The robot could reduce the company's reliance on human warehouse workers. Amazon has been trying to fully automate its warehouses for the past several years.
🔴 👉 𝐂𝐋𝐈𝐂𝐊 𝐇𝐄𝐑𝐄 𝐓𝐎 𝐆𝐄𝐓 𝐍𝐎𝐖 𝐅𝐑𝐄𝐄
🔴 👉 𝐂𝐋𝐈𝐂𝐊 𝐇𝐄𝐑𝐄 𝐓𝐎 𝐆𝐄𝐓 𝐍𝐎𝐖 𝐅𝐑𝐄𝐄
What do you call a robotic arm that relies on computer vision, artificial intelligence, and suction cups to pick up items?
In Amazon's world, it's called a "Sparrow."
The tech giant unveiled a robot on Thursday that's capable of identifying individual items that vary in shape, size, and texture. Sparrow can also pick these up via the suction cups attached to its surface and place them into separate plastic crates.
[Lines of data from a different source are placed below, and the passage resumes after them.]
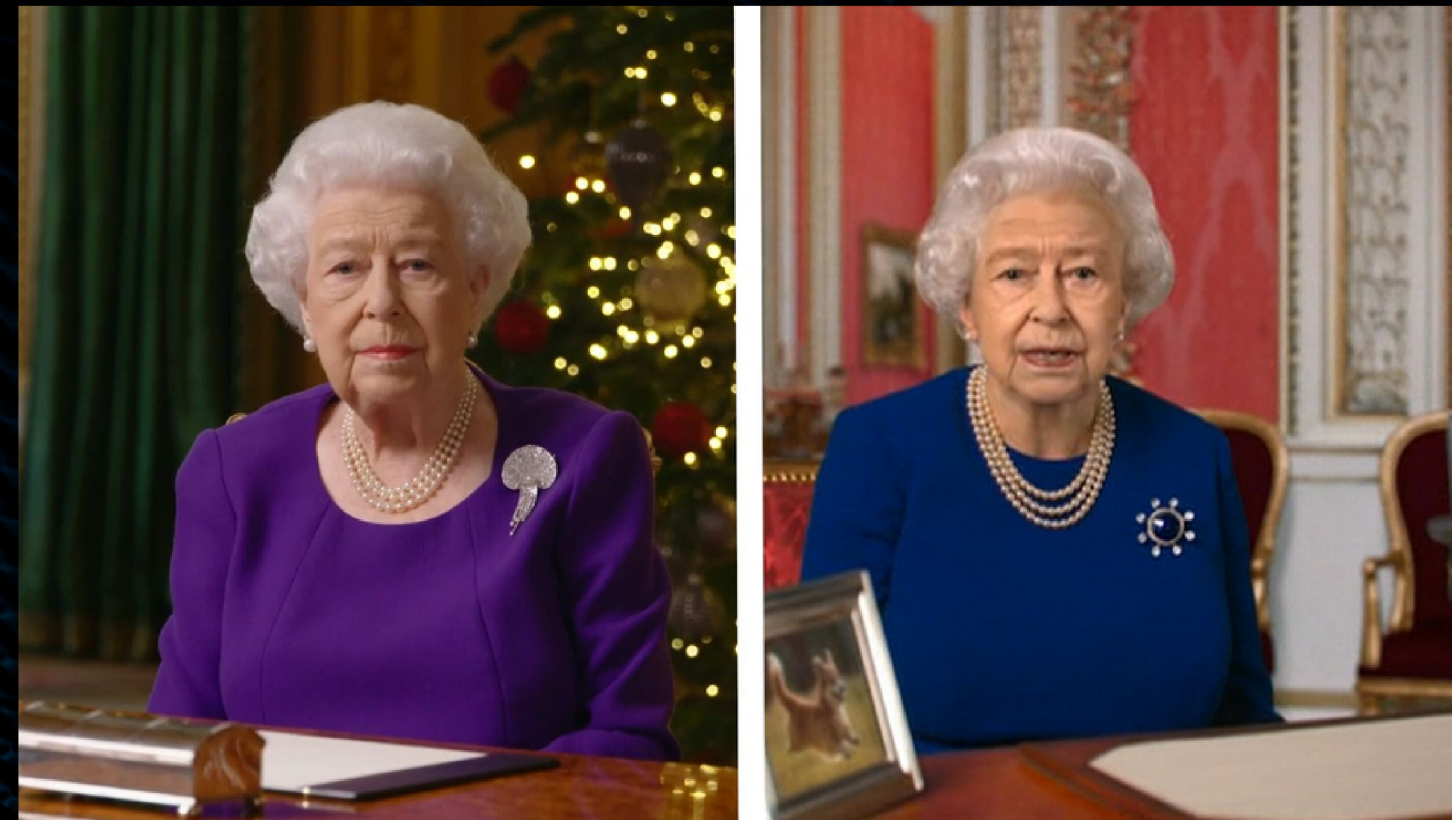
Figure 3: Deepfake Queen Elizabeth delivers alternative Christmas speech
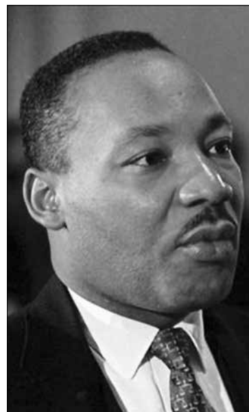
Rev. Martin Luther King Jr.

The 36th annual event will be a virtual event because of the public health restrictions on large gatherings that have resulted from the coronavirus pandemic. It will stream live on the Martin Luther King Jr. Holiday, Monday, Jan. 18, from noon to 5 p.m. on multiple
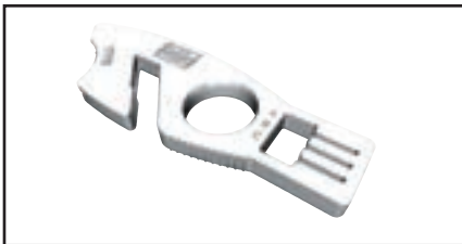
1797B Cable Preparation Tool

The Patch Cord Tool allows to connect and disconnect RJ45 patch cords installed in very high-density environments (48-port, 1U patch panels and high-density networking equipment).
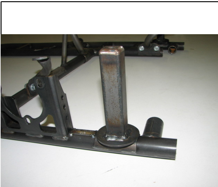
Photo of the frame from the side with the section of the support for the RTPS (Rear Tire Protection System)
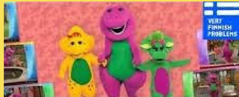
AMERICAN SINGING DINOSAURS

Make the most out of the exchange – how to become a master of intercultural communication through exchange
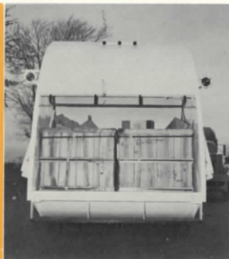
Large capacity Hopper takes two cubic yard load of bulky materials with ease. Start reloading in seconds.

Now comes its big brother, the LOAD-MASTER, to handle bulky material with the same efficiency. The LOAD-MASTER is highly versatile, with a large-size hopper and powerful blade to compact all types of refuse including large, bulky, and odd-shaped objects. Its rugged, dependable construction results in minimum maintenance and maximum efficiency. Speedy reloading, direct thrust compaction, and non-clogging ramrod ejection means that LOAD-MASTER is the most effective batch packer in the industry.
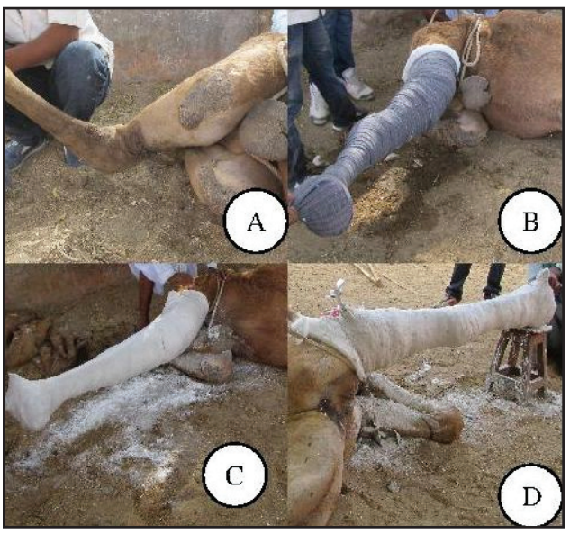
Fig 2. (A) A compound fracture at distal end of tibia in camel. (B) Padding with cotton and niwar bandage after reduction. (C) Fractured tibia was immobilised with plaster of Paris cast using bamboo splint. (D) Immobilisation of fractured radius ulna with plaster of Paris cast using Aluminium splint.

Mandible fracture may be up to 55 per cent of clinical cases (Gahlot and Chouhan, 1994). In the present study it was recorded to be (44.32%). Fracture of mandible is the most commonly observed fractures in camels. Bilateral or unilateral (rarely) mandibular fractures are common in male camel, that occur across the first premolars or quite cranial or caudal to this point in inter-dental space. These fractures are usually seen during the rutting season. In this season, males become quite active, vicious and tend to bite each other, leading to abnormal stress on the mandible which can cause fracture (Gahlot, 2000). Standard Interdental wiring technique using 2 mm copper wire is the method of choice to repair such fractures. The technique is simple, convenient and economical. The fracture site which needs repeated re-adjustment of the wires to keep the fractured
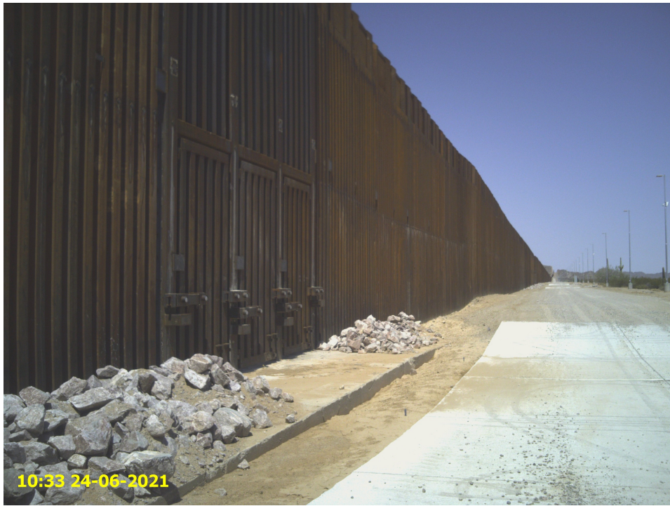
Protect low water crossings with appropriate drainage measures
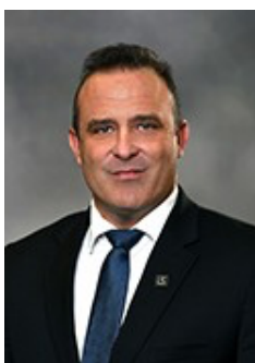
Mayor Bill Baird
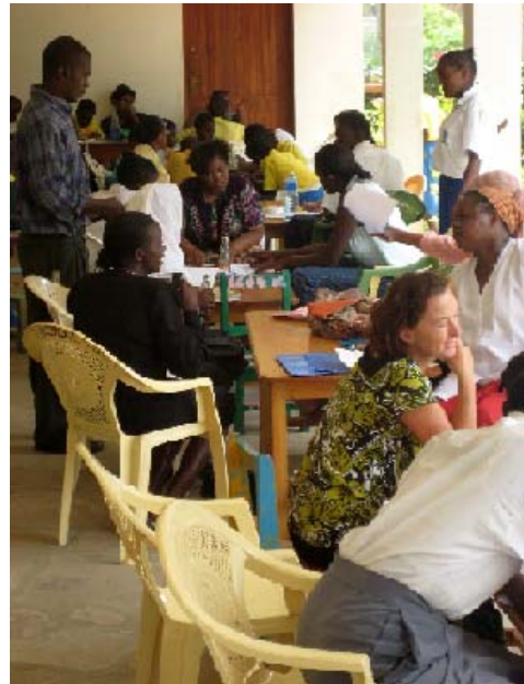
KESHO Day Dec 8 th 2007

KESHO Days would still continue as we all felt they provide an important opportunity for students and committee to meet. Their role, however, would be redefined by giving less emphasis on administration and more on the provision of counselling services, access to career/further education advice, & offering a forum for talks, craft, drama etc.
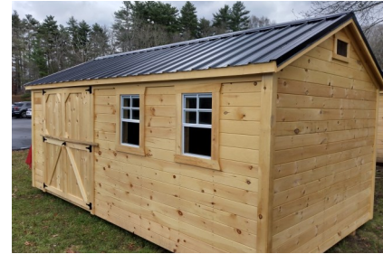
Tongue & Groove

Sparrow is the first robot Amazon has revealed of its kind and it has the potential to wipe out significant numbers of the company's warehouse workers.
The arm can identify approximately 65% of Amazon's inventory, the company told CNBC. Until now, this sort of sophisticated identification has been reserved for the company's human employees.
"Working with our employees, Sparrow will take on repetitive tasks, enabling our employees to focus their time and energy on other things, while also advancing safety," the company said in a post announcing Sparrow on its site. "At the same time, Sparrow will help us drive efficiency by automating a critical part of our fulfillment process so we can continue to deliver for customers."
It's not entirely clear how quickly Sparrow will be integrated into Amazon's warehouses. Many of the company's products are stored on mesh shelves, according to Bloomberg, which are incompatible for robotic arms like Sparrow.
However, Amazon has long been aiming to fully automate its warehouses, Bloomberg reported. The company also said in its quarterly earnings call back in April that it had hired too many warehouse workers during the pandemic.
In its post announcing Sparrow, the company said that it already relies on other avian-named robots to redirect packages to various locations in its warehouses.
In June, Amazon unveiled its first autonomous robot called Proteus, which can lift and move package carrying carts.
Right now, about 75% of 5 billion packages the company processes annually are handled by robots in at least one part of the delivery process, the company told CNBC on Thursday.